Because this is fairly basic stuff, for feck's sake. The kind of thing they can do in most European cities - bloke in hat, band, big stage, hot-dogs - without it becoming the sort of months long, national crisis that has afflicted us ever since Garth Brooks announced he wanted to sing a few songs here. A move that has plunged this nation into the kind of crises, recrimination, fear and loathing normally seen in other countries after they lose a major war. How did Garth in Croker become our Vietnam?

Well, we've had the traditional piss-up/brewery brouhaha. Not what comes next? Oh yeah! The Blame Game!

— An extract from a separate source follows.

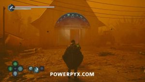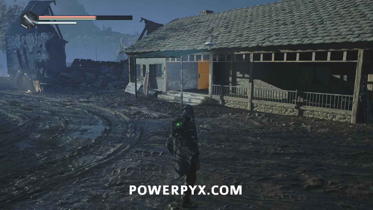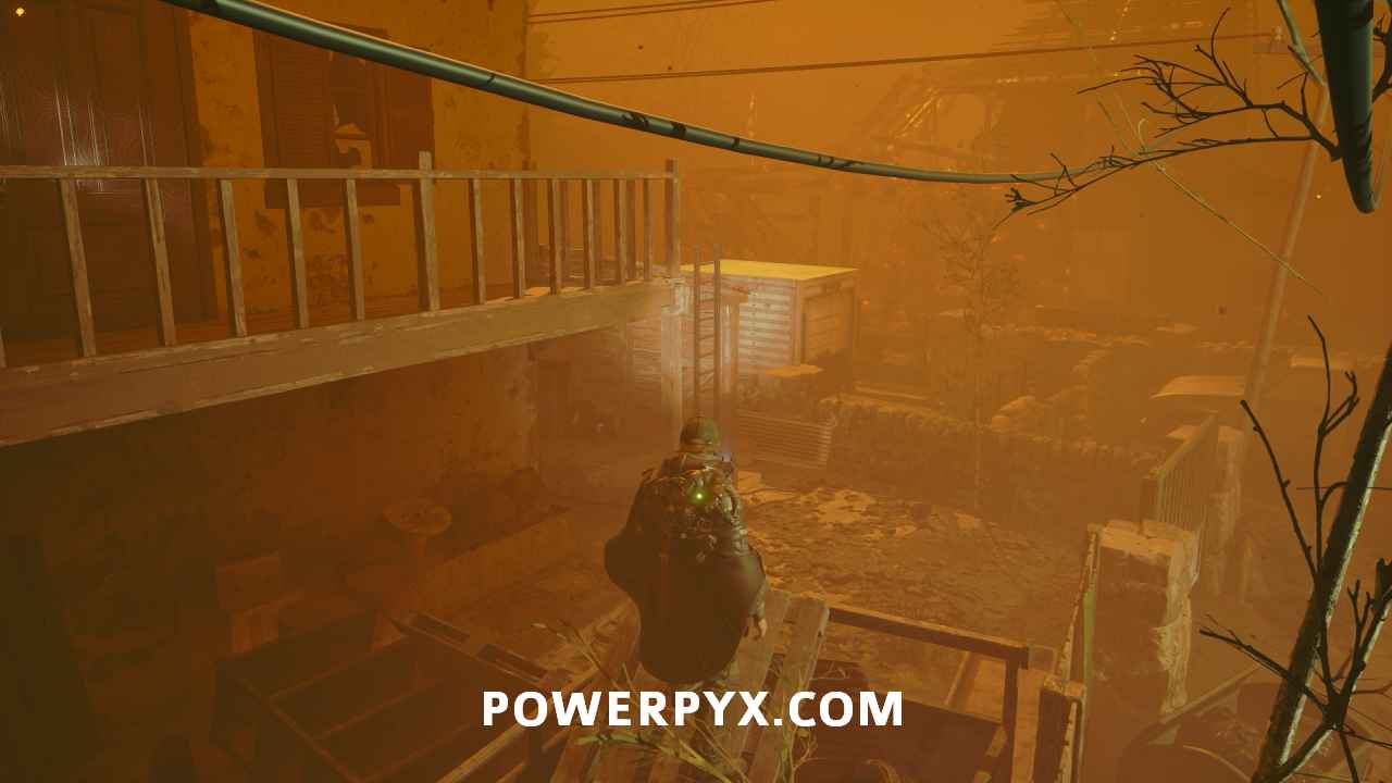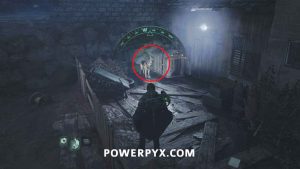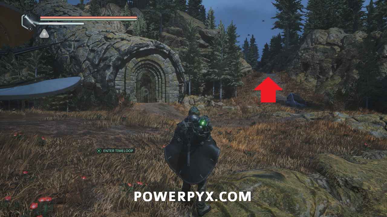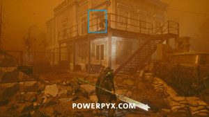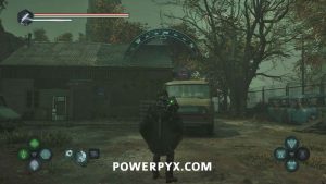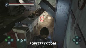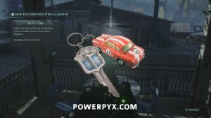 In the area go toward the church and out the back to defeat the Timeloop Guardian, then go to the right where you can climb up some scaffolding to the roof. Drop off the other side, then down to the road where you can pick up Keys – Crane.

Is it the promoters, who banked on City Council not defying the will of the people? The residents around Croke Park, who can put up with 40,000 Dub football supporters every Sunday but not Five Nights of A Dude In A Hat Shouting "Howdy Dublin!"?

Or is it the city fathers - those fiends in high places - who have ruled that it would be Cruel & Unusual Punishment - the creation of a Country n'Western Guantanamo Bay - to force them to do so?

The news that only three of the planned (and already sold out!) five Garth Brooks gigs in Croke Park this summer have been granted planning permission broke over our poor, benighted nation like a thunderclap this morning.

In homes all over our island, fathers, pale with suffering and emotion, switched off the valve radio, turned to look into the still-innocent, trusting faces of their children, and solemnly announced; "Well that's It. We're f***d".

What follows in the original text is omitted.